Fred turned her over to his boys who took her away in the sedan. He shoved his hat back. “Burns, my lad, that is a rugged dish. Leave us partake of a beer.”

Over the beer I told him how it had shaped up. Schaegan had been working his way up in the syndicate when she had come into his life. Some of this, of course, was guesswork, but we proved it later. She was good businesswoman. She had advised Schaegan so well that within a year they were the big guns in the syndicate. He grew to defer more and more often to her judgement. She had him right around her little finger. She was the real boss, and stayed in the background. He was front man.

They smelled the tax boys closing in and she developed a plan. They delayed their payoffs until they had accumulated a good package. Some of it was theirs, but a large slice of it was money that had to be paid out if they were to stay in business.

They made a swing around the country while she planted large wads of the money here and there, under assumed names, faked credentials. Apparently Schaegan was too much taken with her to get suspicious of her planting the money where only she could get at it.

Schaegan had been necessary to pull the caper, but his usefulness was at an end. She got in touch with the one called Stevie, and had asked him to come down and do a job on Schaegan. With Schaegan dead, no one would be able to hook her up with the boss job in the syndicate.

Stevie had arrived before I had, and he was waiting around, staying out of Schaegan’s sight, waiting for Beth to set the stage properly. My showing up was a complication. She saw that I might make the best way of getting back to the states and getting out of sight. But Schaegan had to be out of the way. I moved too fast. She sent Stevie up to the cottage to knock me out and kill Schaegan. When she arrived Schaegan wasn’t dead. He was talking. And I was listening.
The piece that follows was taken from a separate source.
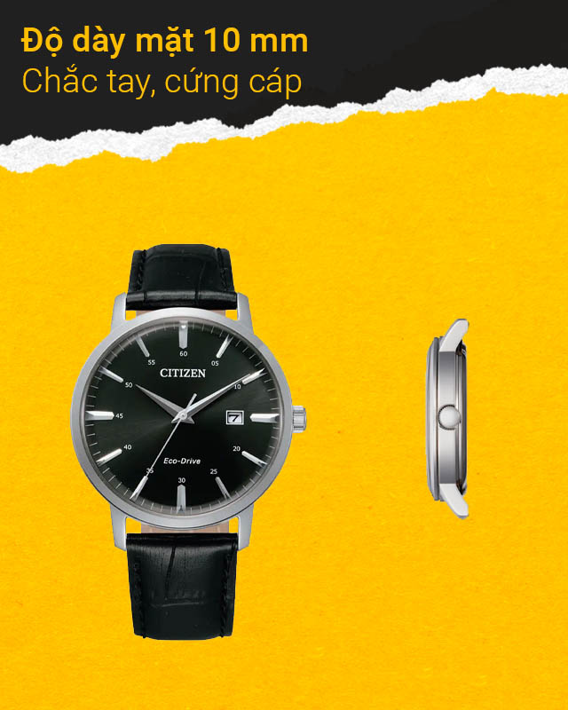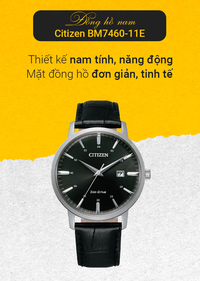 Tổng quan về đồng hồ Nam Citizen BM7460-11EĐồng hồ Nam Citizen BM7460-11E hoạt động bền bỉ với công nghệ Eco-DriveĐồng hồ Nam Citizen BM7460-11E có khung viền thép không gỉĐồng hồ Nam Citizen BM7460-11E có mặt kính khoáng cứng cápĐồng hồ Nam Citizen BM7460-11E có hệ số chống nước 5 ATMĐồng hồ Nam Citizen BM7460-11E chắc tay với độ dày mặt 10 mmĐồng hồ Nam Citizen BM7460-11E có dây đeo da êm áiĐồng hồ Nam Citizen BM7460-11E có ô lịch ngày tiện lợi

So she did both jobs at once.

Fred, on the other side of the booth, frowned at me. “It seems to fit, Burns, but how the hell did you catch on?”

“I didn’t get it until Schaegan was dead. And then a few things clicked. The only place Stevie could have gotten the gun was out of that big straw shoulder-bag Beth took down to the pool. And in her Mississippi girlhood she had learned to be a good shot. She forgot that I knew that from our early amusement-park evenings. At a distance of nine feet, she could hardly kill Schaegan by accident.”

“You think she would have married you?”

“Certainly. And one fine day when the heat was off, she would have gone.”

Fred sighed. “I’m always after grubby little characters that don’t wash and speak baritone. What sort of luck do you have to have to go after a dish like Beth?”

I couldn’t answer that. But if Bill had attended the hearing sixty days later, he wouldn’t have been as intrigued.

Beth had gained twenty pounds on the starchy prison food. Her dead-white face was bloated and puffy. She made a full confession in a flat, monotonous voice without once looking toward me.